Taking to the streets
So far it's only been television and blogs for me, but I have a mind to go report live from the massive demonstration downtown. I was there for the March 14 2005 demonstration, and I remember distinctly that the majority of the people did not choose to go down to the downtown sit-in until it had gone on for several weeks. The impetus was a direct challenge by another party that spoke against the original demonstrators. People like me, with children and jobs to worry about, finally felt moved on the 14th of March 2004 to stand besides the smaller numbers who had been demonstrating in order to show that we agree with theier stand.What was that stand? It was a realization that Syria's occupation of Lebanon was not only trampling our rights to due process if we tangle with the government and our rights to voice our opinions unimpeded if we disagree, but also stealing our economic future by making impossible to challenge corruption in high places. So we went down and chanted "Syria out!".

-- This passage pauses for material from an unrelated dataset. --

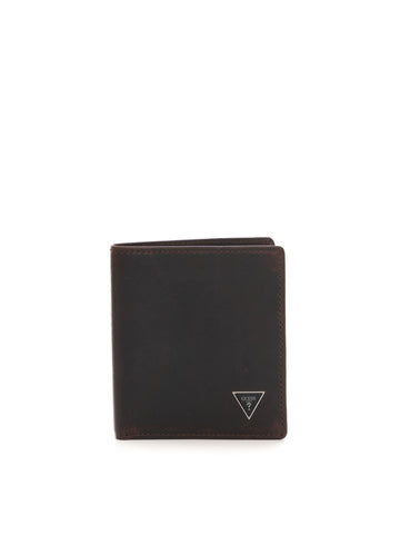Vertical wallet, hammered leather, card slots, banknote compartment, coin compartment, side logo, composition: 100% leather,...

Today Syria is out and opinions are expressed more freely. But the degree to which the fruits of our economic labor goes to enrich others rather than to ensure the future of our children is up by a modest amount, and the degree to which we see it happening before out eyes instead of being able to wish it away is up several degrees of magnitude. We wanted Syria out so we could throw out the corrupt Lebanese who were installed by them, and instead the same corrupt Lebanese switched sides faster than we could and became the darlings of the democratic world without having to even pretend to shed their economic corruption. No one even tried to change the monopoly status of the companies owned by ex-ministers. No one dared add one line to the script that pits the nationalist thief, who wants to charge us double for electricity to pay his governemnt-connected fuel brokers, against the internationalist thief, who wants to privatize the electric grid by selling it to a single well-connected party on a no-bid basis and chage us triple. So we are mad.

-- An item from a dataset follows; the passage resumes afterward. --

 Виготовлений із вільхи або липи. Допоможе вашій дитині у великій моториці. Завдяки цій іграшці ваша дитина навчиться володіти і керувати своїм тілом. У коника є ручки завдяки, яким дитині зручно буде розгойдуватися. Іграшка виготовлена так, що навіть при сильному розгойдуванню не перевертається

What do we hear when we decide to move against this same government whose actions made us mad before when the Syrians were behind them? We do not hear the whoosh of water cannon to disperse the
demonstrators. Instead, we hear a chorus of disapproval against the demonstrators from all corners of the earth. And what convincing and well-though-out arguents do they have against the Lebanese demand to make our government accountable to us, the people of Lebanon? Here's a list
- Name Calling: To some, the name "Hezbollah" is an epithet in and of itself. To others, the designation made by Bush and co. that "Hezbollah is a terrorist organization" is all that is needed to determine which side right is on. Others still resort to circularity: Hezbollah is bad because they listen to the Iranians, and Iran is in th eaxis of evil because they support Hezbollah. What is lost in all this is any consideration of who did what when and of who is asking whom for what now.
- Appeals to Racism: Those funny-accented men from the south. Those women with the funny scarves. How can they have a voice?

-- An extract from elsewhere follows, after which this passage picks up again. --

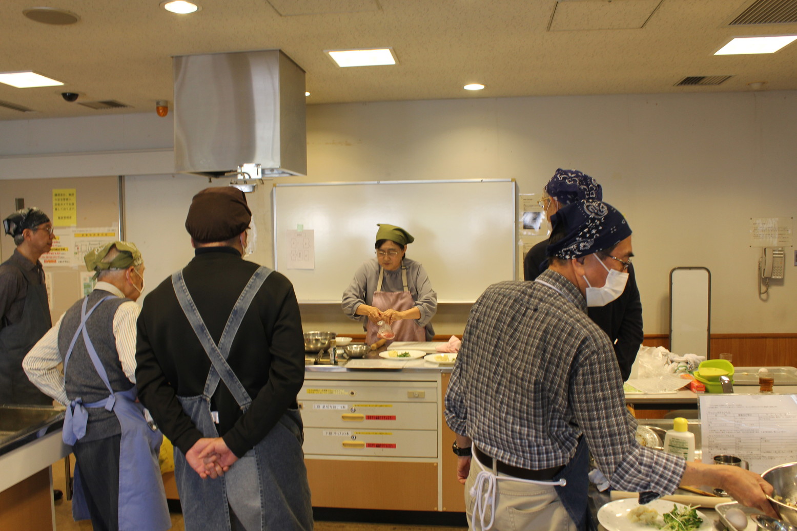 今回のメイン料理は、肉じゃがでした。皆様に失敗せずに美味しくできる方法を、お伝えしました。定年退職後、奥様の料理負担を軽減したいという目的で、参加されている方も多く、「肉じゃがという普段よく作る料理に、自信が持ちたい」というご要望にお応えすることが出来たと思います。まずは、包丁で野菜を切るのですが、包丁に慣れてない方が優先的に包丁に触れていただくように、しています。

- Attribution of ulterior motives: The Syrians ordered this. The Iranians want this happen. Totally forgettin what it is about the Syrians or the Iranianans (apart from the name recognition factor - see above) that we hold reprehensible.
- Democratic facade: The "institutionally correct" was to amend the cabinet is for parliament to give a vote of no confidence. Actually, the first thing this parliament did when it came into power was to dissolve the Lebanese equivalent of the supreme court. The next thing thing they want to do is to replace the president. I personally would not mind if the president was replaced, but it is not clear to me how you can call something a democracy if one gerrymandered election gives the same people power to replace the cabinet, the president AND the supreme court, even after the very people who voted that parliment into power take to the street to demand a new division of electoral districts?
- Scare tactics 1 - fear the unknown: "Things will go to hell." "You never know who has guns stashed away." And my favorite, by no less democratic a luminary than Egypt's own riot-averse Mubarak: "If thing go any further, then Arab forces will intervene to help out the government, and Iranian forces will intervene to spite the Arabs, and Lebanon will be the only victim." Funny how the rhetoric is more inflamed than Pres. Lahoud's prediction that "someone naughty boy will toss a firecracker" at the March 2005 demonstration. Did not deter us then and will not deter us now.
- Scare .tactics 2 - fear the known: Hezballah has arms, so they (a) should, (b) eventually would, and (c) count on others' fears that they might .... turn them against someone. Again, the actual requests (more transparent government), past actions (clever leverage of weapons as deterrance agains a more powerful foe) and present methods (peaceful demonstration) matter less to anyone who makes or buys these arguments than how they feel about whomever is saying them.